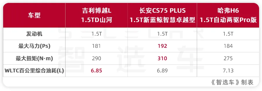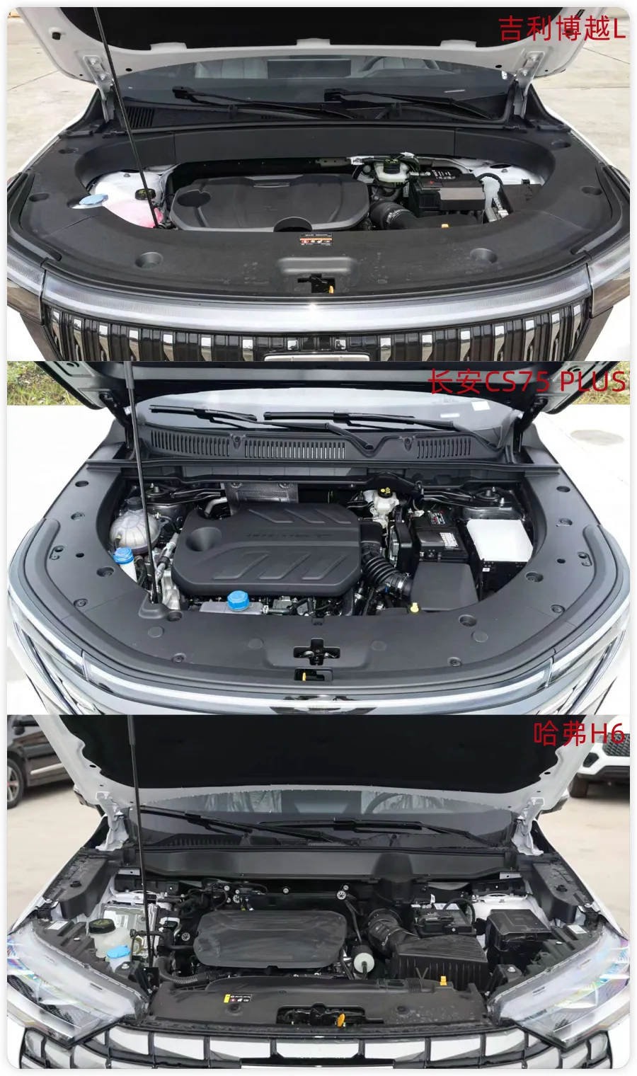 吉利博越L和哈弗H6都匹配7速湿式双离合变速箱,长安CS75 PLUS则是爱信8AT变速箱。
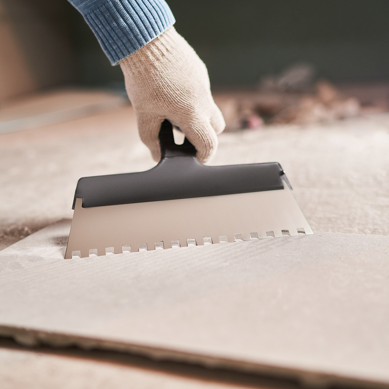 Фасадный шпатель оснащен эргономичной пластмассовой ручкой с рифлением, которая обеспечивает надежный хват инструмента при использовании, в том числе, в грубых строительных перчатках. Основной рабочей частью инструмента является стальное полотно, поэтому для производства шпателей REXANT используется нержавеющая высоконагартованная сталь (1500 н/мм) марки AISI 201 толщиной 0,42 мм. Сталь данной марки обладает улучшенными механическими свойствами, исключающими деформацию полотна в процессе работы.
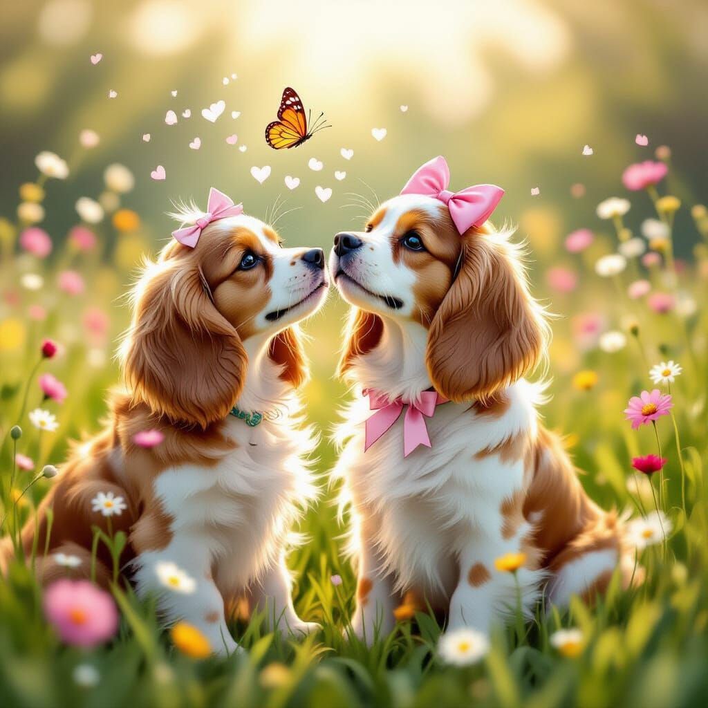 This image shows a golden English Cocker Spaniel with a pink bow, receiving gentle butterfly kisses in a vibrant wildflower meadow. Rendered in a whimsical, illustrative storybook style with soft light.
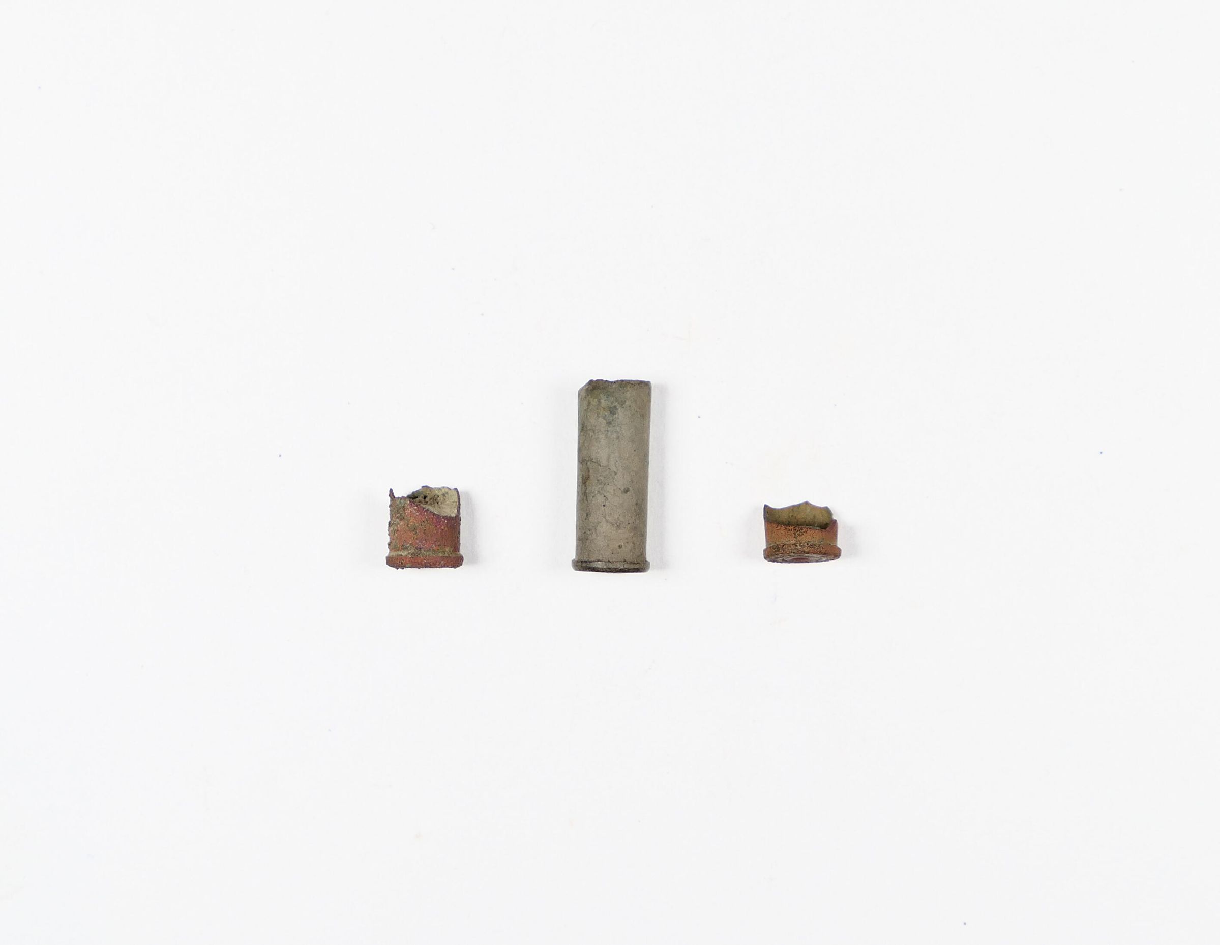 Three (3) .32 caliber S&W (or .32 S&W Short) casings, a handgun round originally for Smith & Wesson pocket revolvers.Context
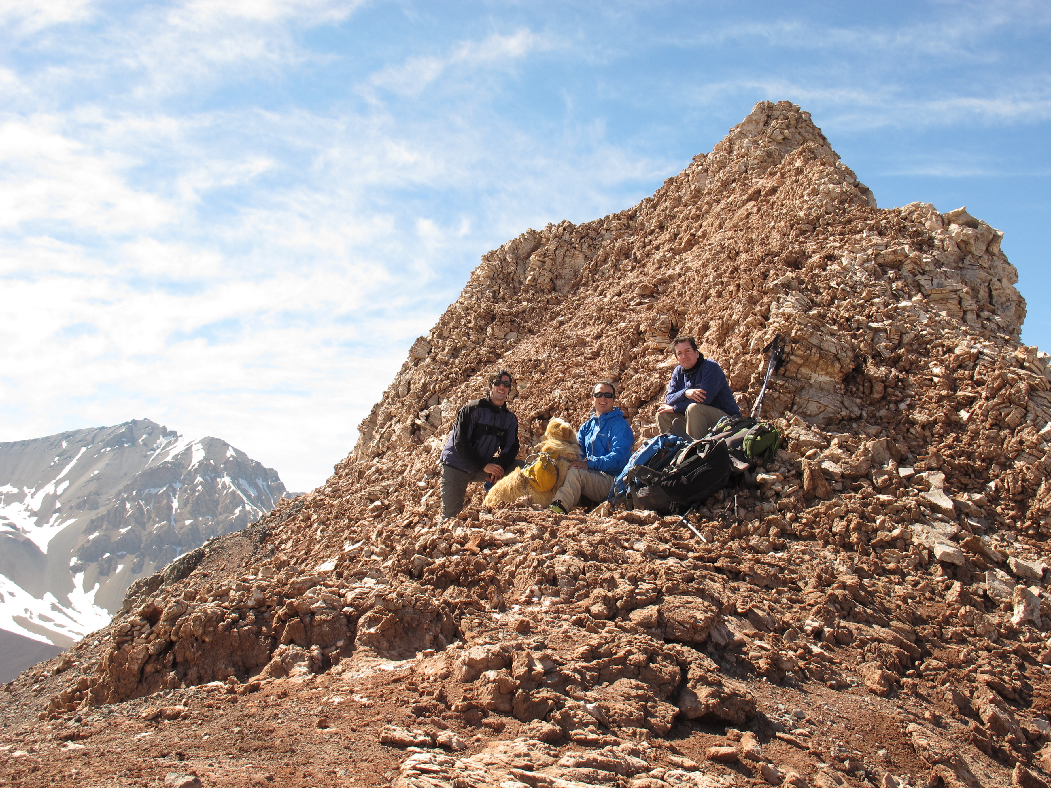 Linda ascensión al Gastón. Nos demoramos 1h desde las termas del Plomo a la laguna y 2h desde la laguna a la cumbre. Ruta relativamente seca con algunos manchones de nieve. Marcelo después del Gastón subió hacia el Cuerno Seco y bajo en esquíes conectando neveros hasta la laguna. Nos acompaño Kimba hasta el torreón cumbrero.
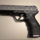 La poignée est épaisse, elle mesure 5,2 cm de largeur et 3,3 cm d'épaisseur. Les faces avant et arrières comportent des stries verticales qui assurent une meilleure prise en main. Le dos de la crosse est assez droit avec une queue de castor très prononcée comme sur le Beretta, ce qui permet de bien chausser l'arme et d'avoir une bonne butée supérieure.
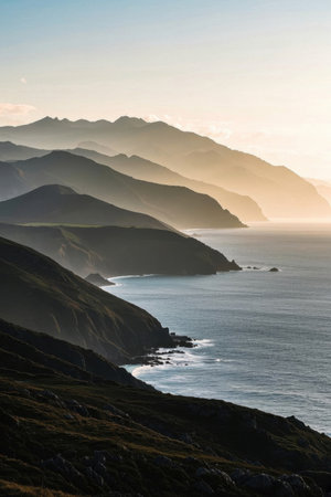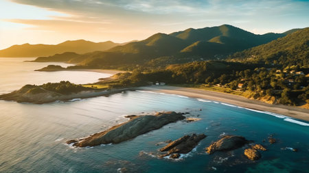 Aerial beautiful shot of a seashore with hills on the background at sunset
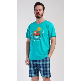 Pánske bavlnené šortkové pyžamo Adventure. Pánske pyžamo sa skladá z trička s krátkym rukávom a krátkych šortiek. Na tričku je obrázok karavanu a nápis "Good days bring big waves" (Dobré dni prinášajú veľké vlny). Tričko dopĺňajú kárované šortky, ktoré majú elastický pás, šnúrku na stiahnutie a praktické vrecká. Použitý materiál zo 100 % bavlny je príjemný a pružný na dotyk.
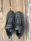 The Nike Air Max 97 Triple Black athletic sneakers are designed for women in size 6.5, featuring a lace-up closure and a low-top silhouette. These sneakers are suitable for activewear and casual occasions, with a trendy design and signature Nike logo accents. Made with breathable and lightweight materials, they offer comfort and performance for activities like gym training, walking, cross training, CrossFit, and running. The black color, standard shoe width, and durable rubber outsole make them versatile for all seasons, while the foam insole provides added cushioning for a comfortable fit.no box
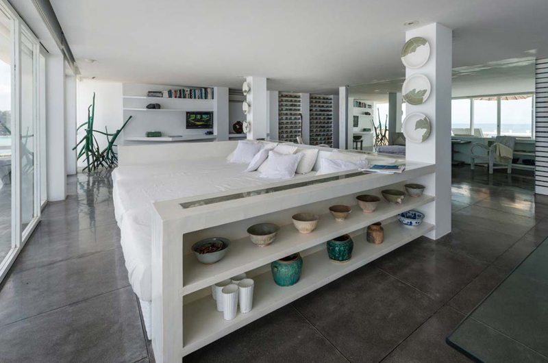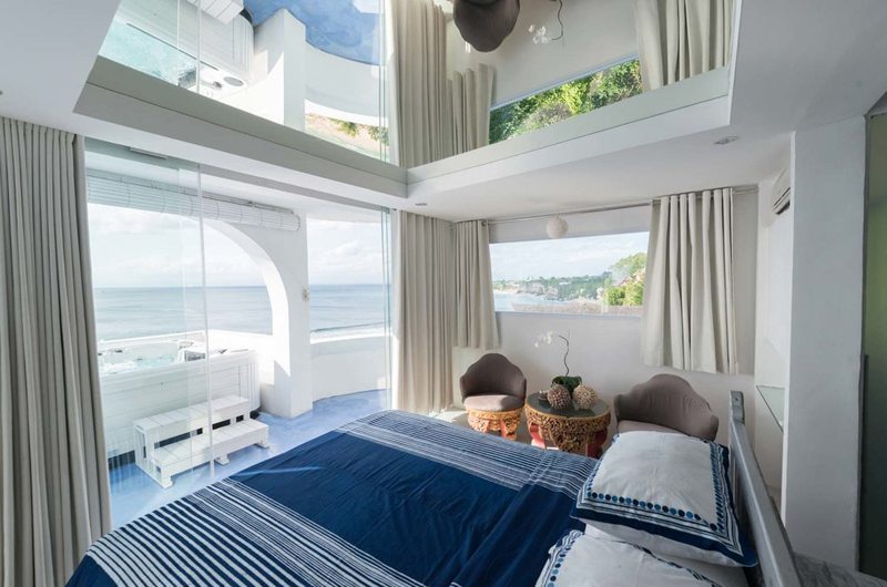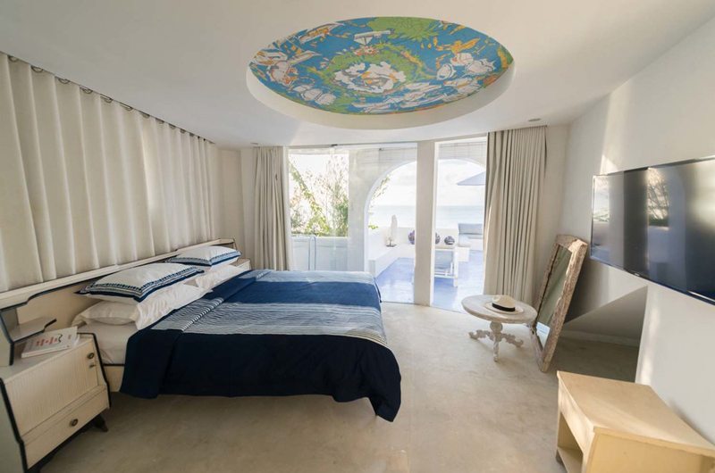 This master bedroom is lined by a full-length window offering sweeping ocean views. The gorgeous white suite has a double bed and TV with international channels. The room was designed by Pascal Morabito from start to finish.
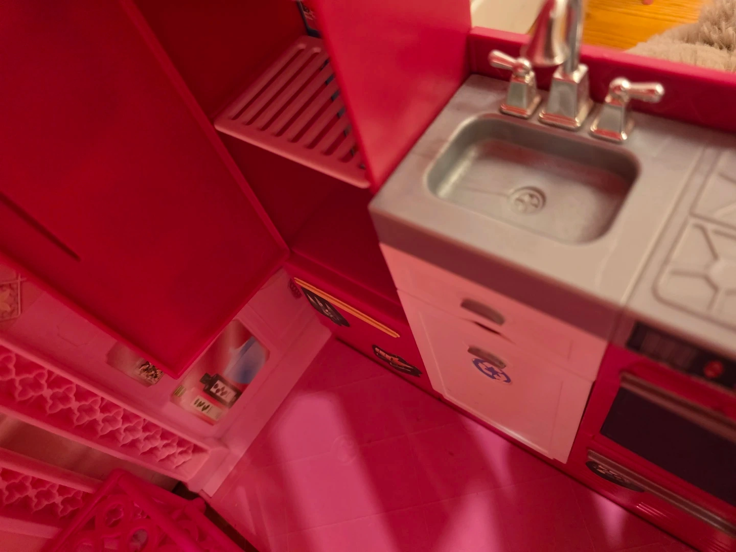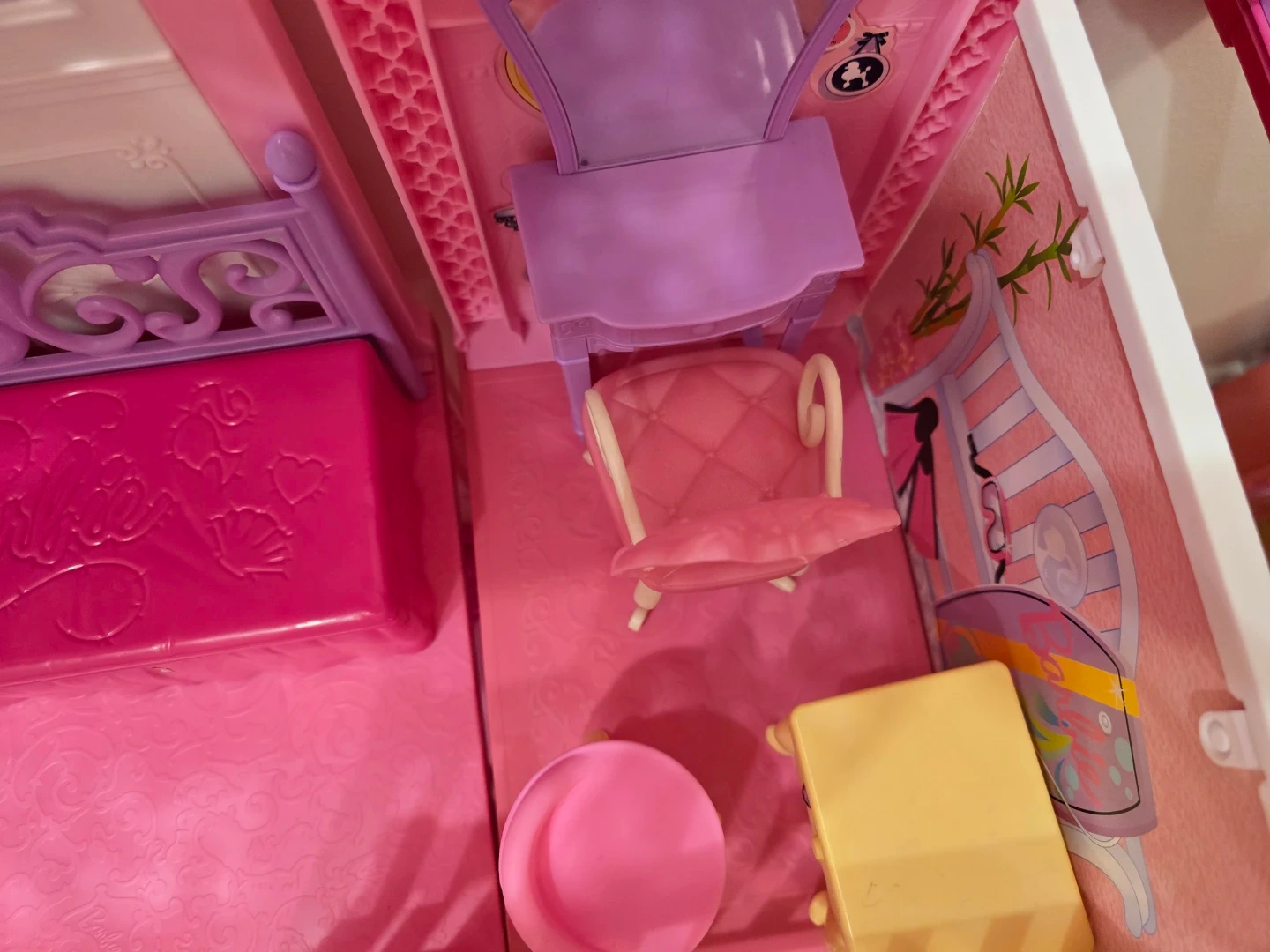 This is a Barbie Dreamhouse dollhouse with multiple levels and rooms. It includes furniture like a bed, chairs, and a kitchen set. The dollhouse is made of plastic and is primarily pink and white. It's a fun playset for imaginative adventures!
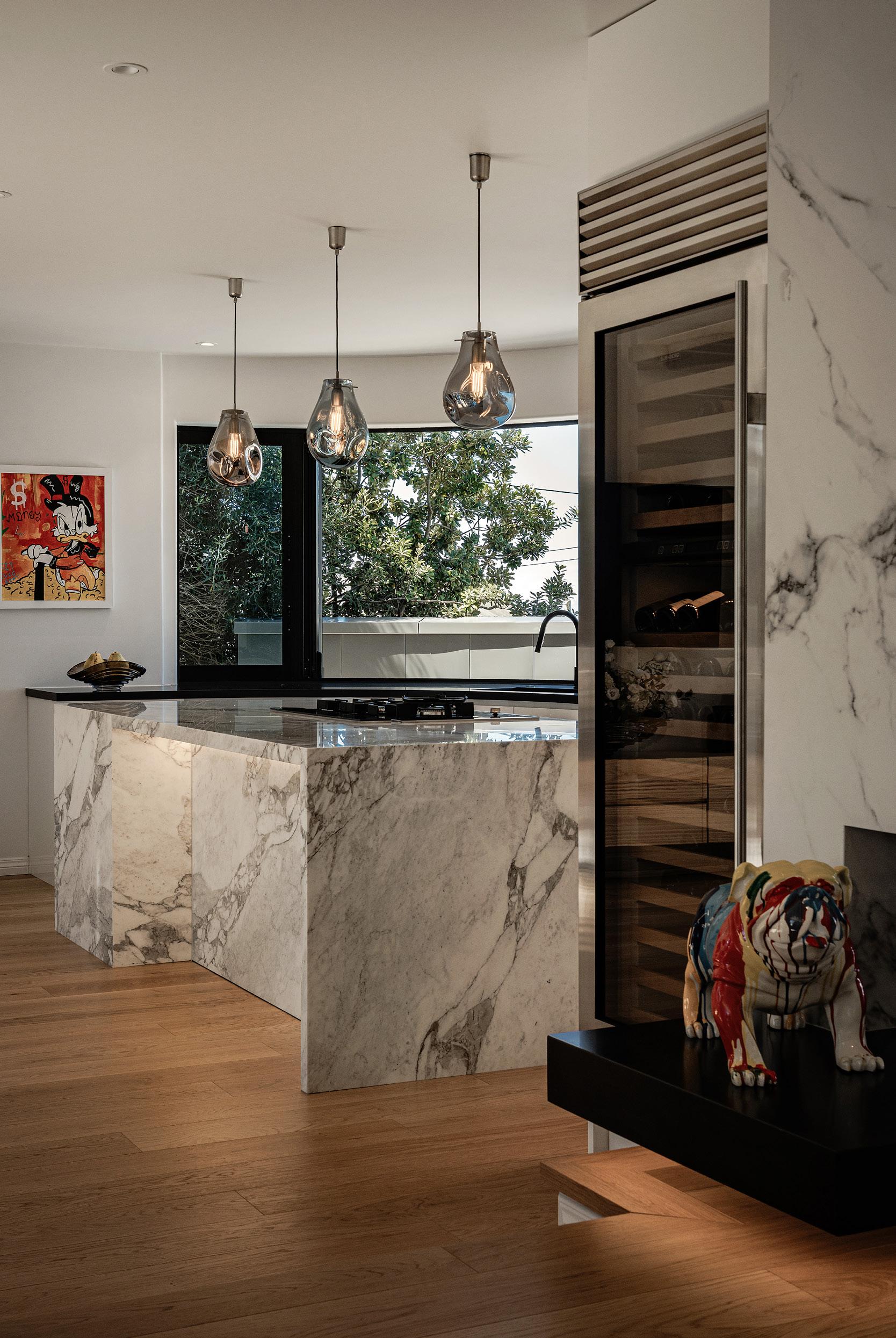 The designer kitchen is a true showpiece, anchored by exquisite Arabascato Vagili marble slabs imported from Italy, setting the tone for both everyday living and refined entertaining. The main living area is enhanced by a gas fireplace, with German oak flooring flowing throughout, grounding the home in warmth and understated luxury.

> _TASK INSTRUCTIONS_
The response must match the data line for line, from its first line through the line with "La poignée est", inclusive, and must leave out the pictures.

> _OUTPUT FOR THIS TASK_
 吉利博越L和哈弗H6都匹配7速湿式双离合变速箱,长安CS75 PLUS则是爱信8AT变速箱。
 Фасадный шпатель оснащен эргономичной пластмассовой ручкой с рифлением, которая обеспечивает надежный хват инструмента при использовании, в том числе, в грубых строительных перчатках. Основной рабочей частью инструмента является стальное полотно, поэтому для производства шпателей REXANT используется нержавеющая высоконагартованная сталь (1500 н/мм) марки AISI 201 толщиной 0,42 мм. Сталь данной марки обладает улучшенными механическими свойствами, исключающими деформацию полотна в процессе работы.
 This image shows a golden English Cocker Spaniel with a pink bow, receiving gentle butterfly kisses in a vibrant wildflower meadow. Rendered in a whimsical, illustrative storybook style with soft light.
 Three (3) .32 caliber S&W (or .32 S&W Short) casings, a handgun round originally for Smith & Wesson pocket revolvers.Context
 Linda ascensión al Gastón. Nos demoramos 1h desde las termas del Plomo a la laguna y 2h desde la laguna a la cumbre. Ruta relativamente seca con algunos manchones de nieve. Marcelo después del Gastón subió hacia el Cuerno Seco y bajo en esquíes conectando neveros hasta la laguna. Nos acompaño Kimba hasta el torreón cumbrero.
 La poignée est épaisse, elle mesure 5,2 cm de largeur et 3,3 cm d'épaisseur. Les faces avant et arrières comportent des stries verticales qui assurent une meilleure prise en main. Le dos de la crosse est assez droit avec une queue de castor très prononcée comme sur le Beretta, ce qui permet de bien chausser l'arme et d'avoir une bonne butée supérieure.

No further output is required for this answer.